Monday, September 6, 2010

The Sneeze

The instructions for that day’s grade one assignment were quite clear. Draw three daisies. Simple. Karine loved to draw and for once felt certain Sister Imelda would praise her for her artistic talents, her flawless daisies, the shape of their petals and the green of their stem. Of course because she was only 6 years old, her thoughts ran more towards how she’d get her picture hung at the front of the class.

Karine’s gleeful use of the pale pink crayon was halted by Sister Imelda’s imposing finger with its frighteningly close cropped nail pointing aggressively at the daisy.

“What do you think you’re doing?”
“Drawing the daisies, sister.”
“Why is it pink?” She growled the question, over pronouncing the P and the K.
“Because I like pink.” Karine was more hesitant in her answer. She was beginning to recognize that trouble, as usual, was just ahead of her.

By now the entire class had stopped colouring and was watching the drama unfold.

“Really? Pink? Do you think God cares that you like pink? Does God make pink daisies?”

Karine saw an opening to share what she had learned. “My mother has pink daisies in her garden.” Karine was too young to know the difference between daisies and Echinacea.

“You petulant little child. God makes daisies WHITE.”

Karine knew what was coming next and gathered her books together before being ordered “Out in the hall.” She’d have to spend the rest of the morning sitting in the “desk of shame” in the hall. A desk was permanently parked outside of Sister Imelda’s classroom because there was usually at least one pupil ordered out there at any one time.

The desk of shame would not be so bad – rather peaceful in fact – except for the disapproving shakes of heads from the other teachers, and even worse, Father O’Leary, the principal. The taunts of her schoolmates didn’t help. Especially the snotty superiority of Sarah Beth Lindy who was always being praised by Sister Imelda.

Karine got to work. Her previous attempt at drawing was trashed by the good Sister. This time she’d try again and make them white with a yellow centre, green stem and three leaves. The result made her yawn.
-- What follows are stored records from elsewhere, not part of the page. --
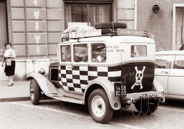| Keywords: Avtomobilček treh francoskih študentov parkiran na Grajskem trgu 1961.jpg Citroën C4 1928-1932 Avtomobilček treh francoskih študentov parkiran na Grajskem trgu 510126 1961-08-03 creator Danilo Škofič PD-Slovenia 1961 in road transport 1961 in Slovenia 1961 in tourism 1961 photographs August 1961 in Europe Historical black and white photographs of Maribor Citroën Type C4 English inscriptions in Slovenia French inscriptions in Slovenia Former license plates of Nord 59 Humor Parked automobiles in Maribor People of Maubeuge Photographs by Danilo Škofič Skull and crossbones Students in France Tourism in Maribor Tourism in Turkey Black and white photographs of automobiles Antique vehicle license plates |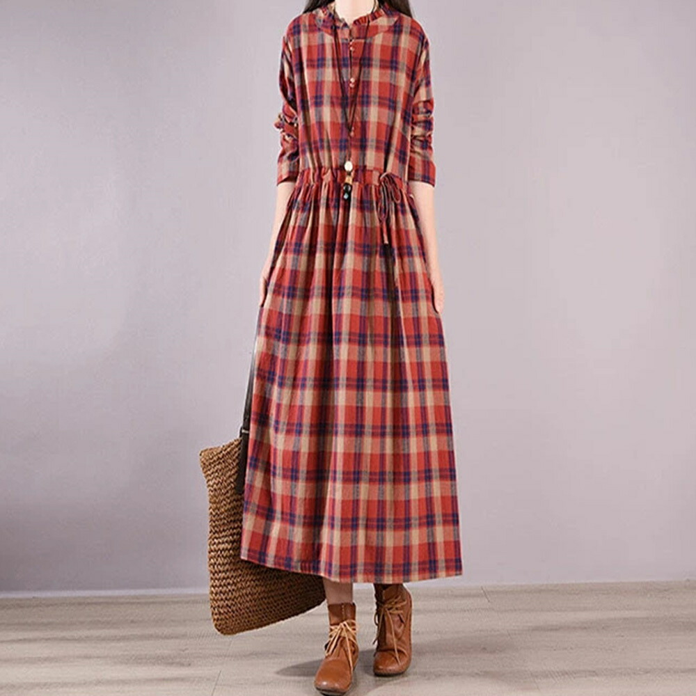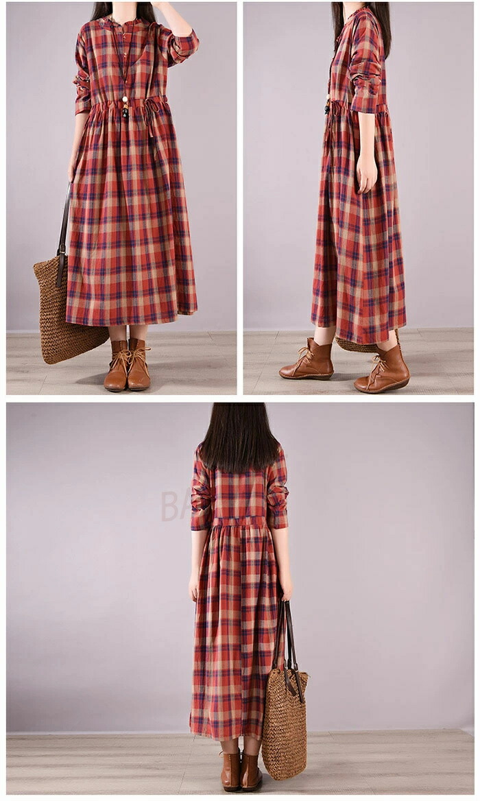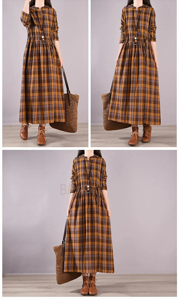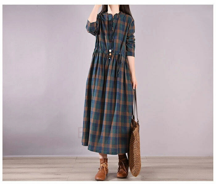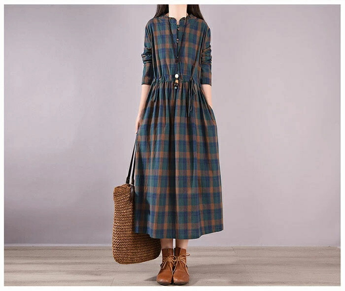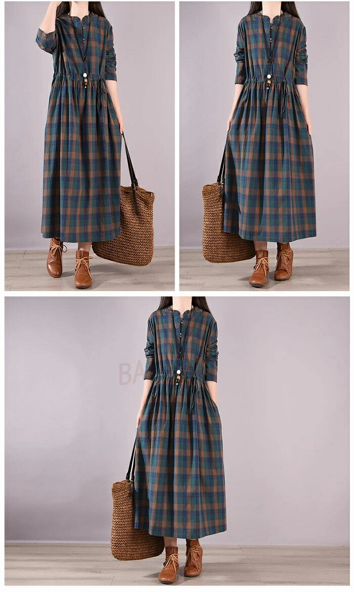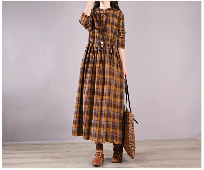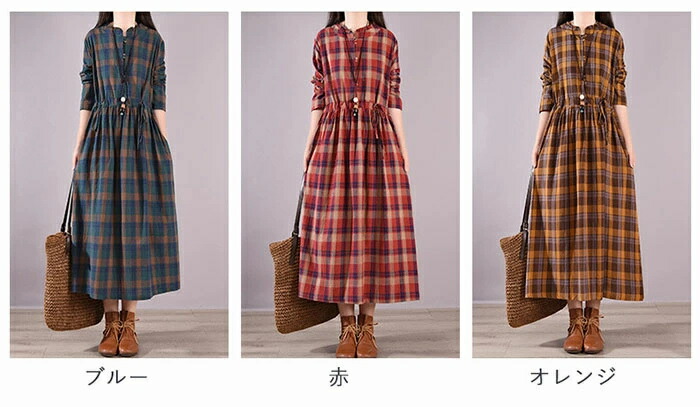 商品名 ワンピース レディース 長袖 ロングワンピース チェック ロングワンピ ロング丈ワンピース マキシワンピース ミモレ ミモレ丈ワンピース ミモレ丈 ギンガムチェック ゆったり おしゃれ きれいめ 着痩せ 体型カバー 大人 可愛い 森ガール 春秋冬 送料無料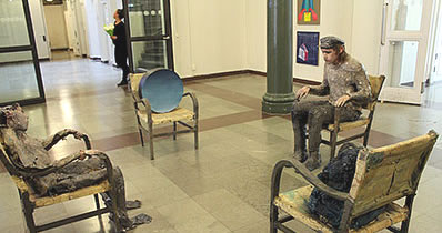 En övergiven trasig husvagn står på innergården, en installation av Martin Fridén. Det är fascinerande med betydelseförskjutningar över tid. På 1950-talet var en husvagn symbolen för den ultimata friheten, att färdas med familjen längs vägarna och kunna stanna var som helst. Idag det rakt motsatta – hemlöshet.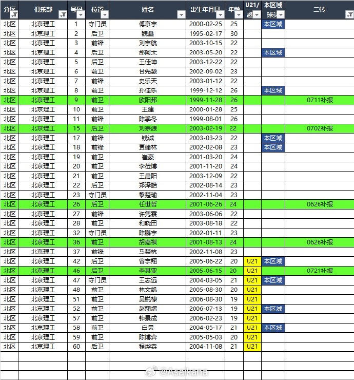 2025中乙联赛(北区)夏转后各队报名名单(绿色为夏转新报名球员)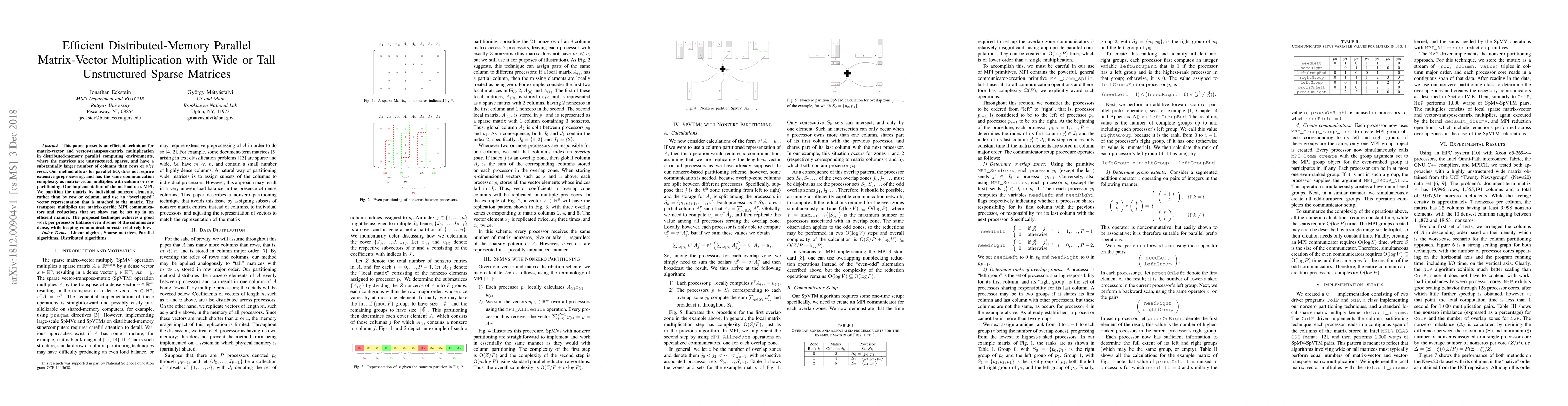 This paper introduces an efficient parallel technique for matrix-vector multiplication in distributed-memory systems, focusing on wide or tall unstructured sparse matrices. The method leverages MPI, partitions matrices by individual nonzero elements, and employs an overlapped vector representation to achieve balanced workload and low communication costs.

After a lonely lunch Karine was allowed back into class. Things were going fairly well, but Karine could not let go of the injustice of being yelled at for making her daisies prettier than required. Her eyes bore holes into the back of Sister Imelda’s head as she wrote math gibberish on the board. When she turned to face the class, to Karine’s eyes Sister Imelda had horns, her nose had grown by three inches and warts had taken over her face and neck. Instead of being afraid of the gargoyle now teaching math, Karine was pleased with the look she had given to her teacher.
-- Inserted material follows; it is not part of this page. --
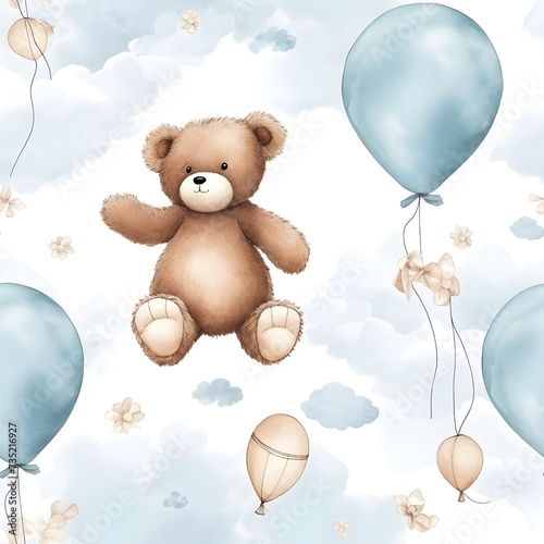 A seamless pattern of cute teddy bear doll wallpaper watercolor illustration design on white background. Generative AI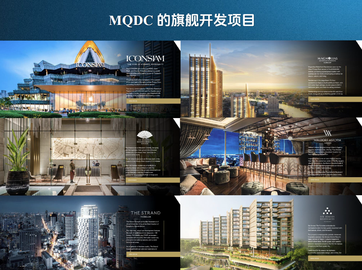 MQDC擅長打造整 合型的開發 案 象徵泰國繁榮發展的巨型綜合型開發計畫,從計畫到完工持續受國際關注的時代地景 ICONSIAM暹羅天地,便是 MQDC的心血之作 。

Her smug satisfaction was shattered when she realized her name was being called to answer a math question that required adding two impossibly large numbers. Karine sat there miserably with her mouth wide open. Sister Imelda pounced.

“You weren’t paying attention.” It was an accusation, not a question. Thankfully an answer was not required. Sister Imelda chose to humiliate her simply by barking “Smarten up” and turned back to the board. Karine happened to catch Sarah Beth’s triumphant face. Karine resisted the urge to stick out her tongue. It was the best decision she had made all day.
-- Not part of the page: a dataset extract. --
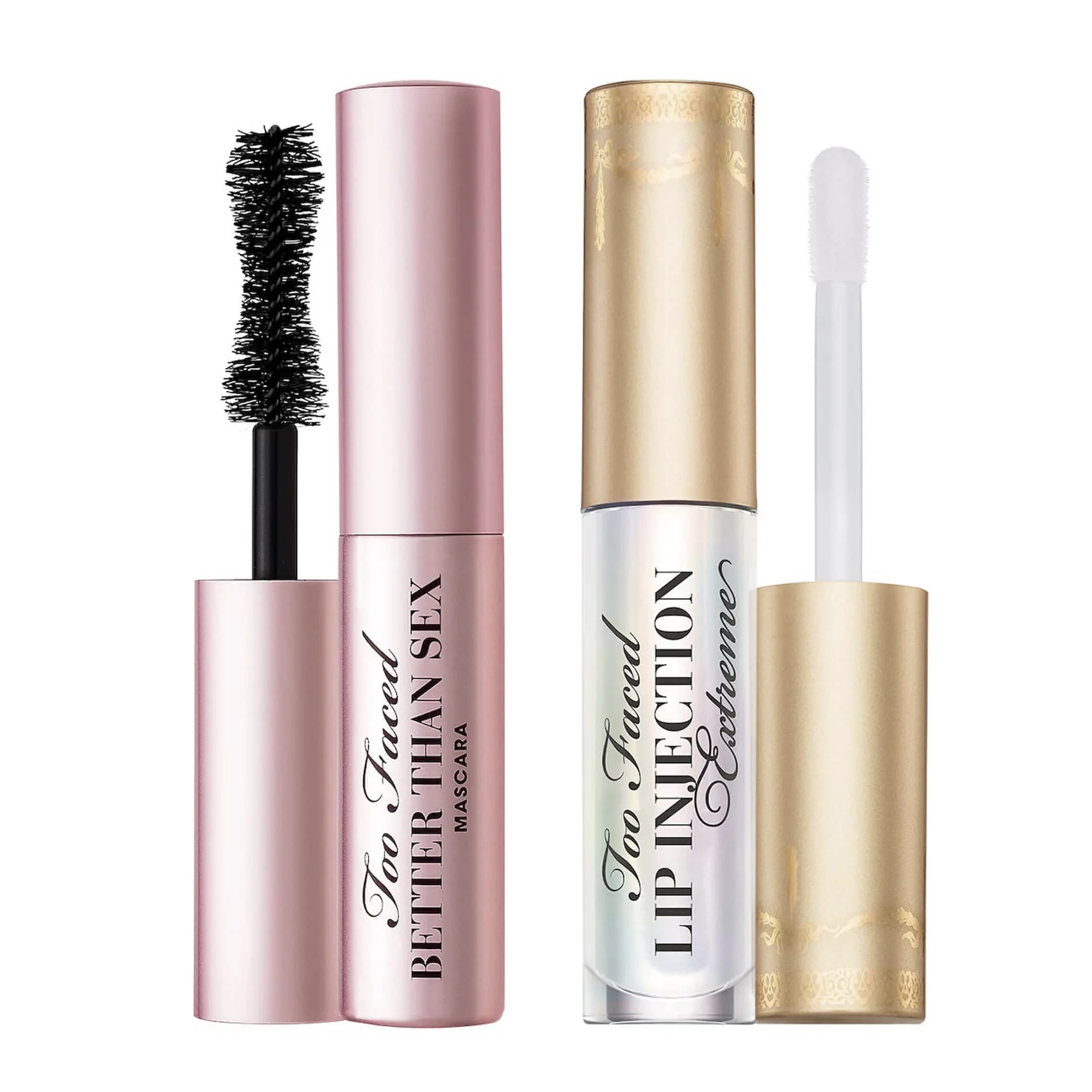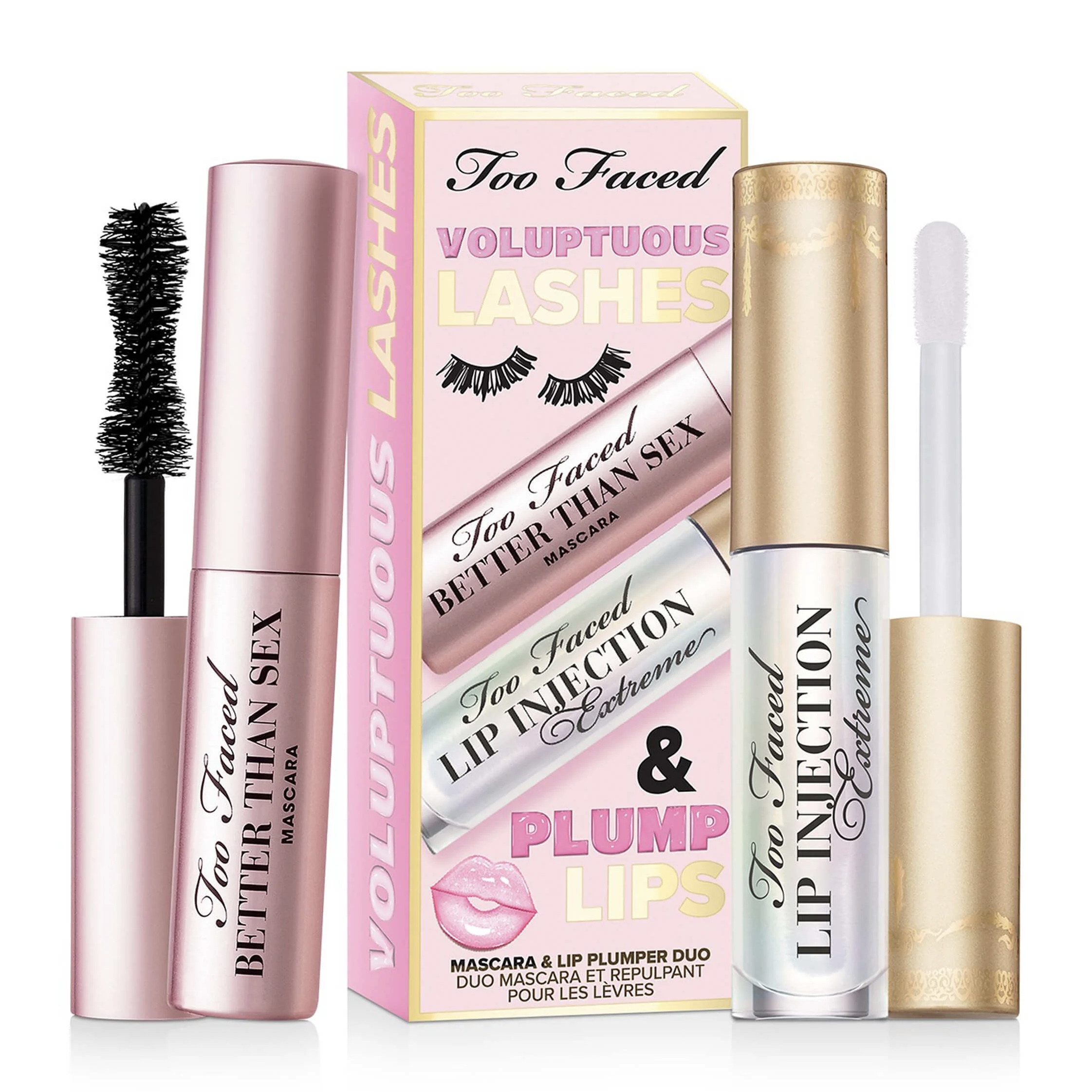 Plump it all up with a set of the most iconic volumizing products from Too Faced! Travel sizes of Better Than Sex Volumizing Mascara (A conditioning mascara with a formula that thickens, lengthens, and locks in curl for dramatic lashes with extreme volume) and Lip Injection Extreme (A powerful, rapidly plumping lip gloss that delivers lasting volume and hydration using scientifically tested, advanced lip-volumizing technologies) will give you the dramatic volumized lashes and sexy plump lips of your dreams!

The dreadful day was almost done. The only thing left to survive was gym class outside. Karine was determined to pay attention, be quiet and charming and not get into trouble. She was not a child programmed to sit still but she wanted nothing more than to play the game and be a good girl and go home to her mom’s warm hug and perhaps cookies and milk to help forget the day.

The set up was standard. Holding hands and walking around the magic circle. It was a simple game. Karine could do this. Sister Imelda had made the circle arrangements. Karine had Sarah Beth on one side and Sister Imelda on the other. The dream of holding hands with Tommy Snyder was thereby lost. After a momentary pout, Karine returned to her plan of goodness.

Karine’s nose had a different plan. It started as a small tickle. An annoyance, but it grew. It was quickly mounting to be a colossal sneeze. First Karine tried to release her hand from Sarah Beth’s grasp. That didn’t work. Next she tried to struggle free from Sister Imelda, but her grip only seemed to get stronger. She resorted to pleading.

“Please, Sister, my nose.”
“Sit still, Karine. Enough.”
“But I’m going to …” It was too late. The sneeze was bigger than Karine herself. It was simply reflex that caused Karine’s little hand, still housed in Sister Imelda’s unyielding grasp, shot to her face and wiped up the offensive remnants of the sneeze. However, it should be reported that Karine’s hand did not mop up the mess. In fact, Sister Imelda’s hand and sleeve did a far better job of getting Karine’s face clean.

Sister Imelda’s reaction was as immediate as it was predictable. A high pitched screech could be heard threatening hell and brimstone and Sister Imelda hauled Karine away. She knew where she was heading – the gulag – the principal’s office. But Karine carried forward… bravely… with a huge smile on her face.